In opposition, however, the plaintiffs assert that the CT Page 9687 Pennsylvania courts have carved out an exception to fellow-employee immunity for automobile negligence actions. In support of their argument, the plaintiffs rely on Ducjai v. Dennis, Superior Court, No. 02042 Philadelphia 1992.1 In Ducjai, supra, the plaintiff was a passenger in an automobile owned and operated by the defendant, a fellow-employee. Id., 1. The defendant's vehicle collided with another vehicle resulting in injury to the plaintiff. Id. Thereafter, the plaintiff filed a negligence action against the defendant. Id.
In Ducjai, the defendant filed a motion for summary judgment on the ground that he was immune from liability under Pennsylvania's Workmen's Compensation Act, which was granted by the trial court. Id. The appellate court, however, reversed the trial court. The appellate court reasoned that since Pennsylvania's Motor Vehicle Financial Responsibility Act provided that "[t]he coverages required by this subchapter shall not be made subject to an exclusion . . . because of any worker's compensation benefits . . ."; id., 3; "the law does not say with certainty that [the defendant] is entitled to judgment as a matter of law." Id., 4.

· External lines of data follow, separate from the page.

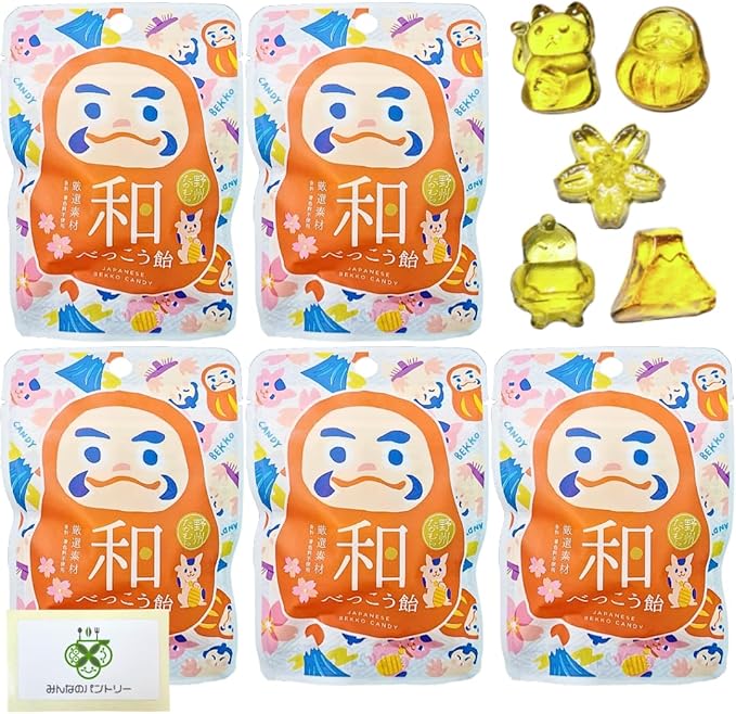 Contents: Set of 5 bags (each bag contains 5 bekko candy) Includes one candy each in the shapes of “Maneki Neko,” “Daruma,” “Sakura,” “Sumo,” and “Mt. Fuji.” These bekko candy are made with adorable Japanese motifs and are recommended as a Japanese souvenir for people overseas. Each bag is just the right size to fit in the palm of your hand. Perfect for small gifts or giving to others.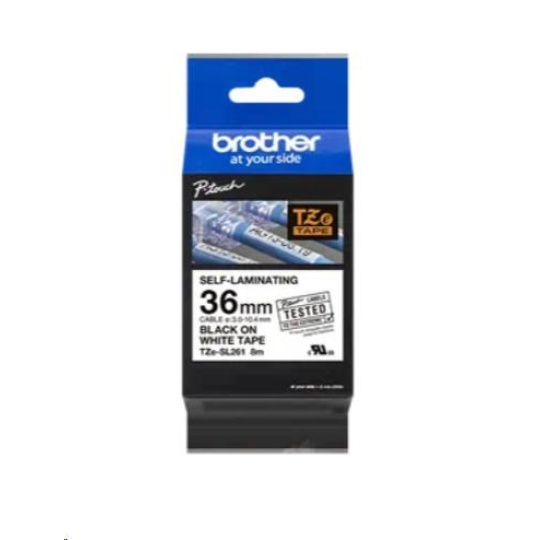Samolaminovací páska TZe-SL261 s délkou 36 mm s černým tiskem na bílé byla vyvinutá pro dlouhodobou identifikaci síťových kabelů. Má speciální lepicí vlastnosti štítků pro trvanlivé pevné ovinutí kolem vašich vodičů a kabelů. Kompatibilní s některými modely P-touch, které používají pásky TZe 36 mm.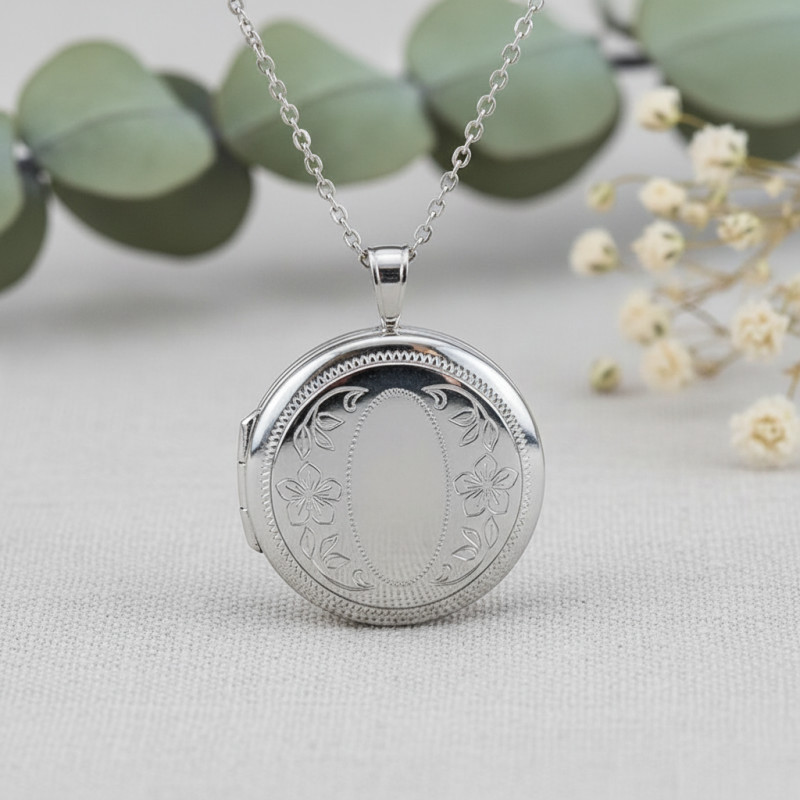 Parmi ses belles créations, nous avons sélectionné pour vous ce joli pendentif porte photo rond qui est conçu pour magnifier votre cou et vous apporter une touche de raffinement. Il est réalisé en argent 925 rhodié et se pare d'une belle couleur argentée mise en valeur par une finition polie. Sa face avant comporte une ravissante gravure florale qui rappelle la broderie traditionnelle. Quant à son dos, il est fini avec un délicat fini satiné qui contraste joliment avec sa teinte.

The defendant in the instant case suggests that since "the Ducjai court cites no authority for its conclusion and . . . [an] en banc hearing is scheduled to be heard in October of 1993 . . ., this court should be very hesitant to rely on the decision" in Ducjai. Until the decision is overturned, a Pennsylvania court would be bound by the Ducjai court's decision. This court follows Ducjai. Therefore, this court cannot say as a matter of law that the defendant is entitled to summary judgment. Accordingly, the defendant's motion for summary judgment is denied.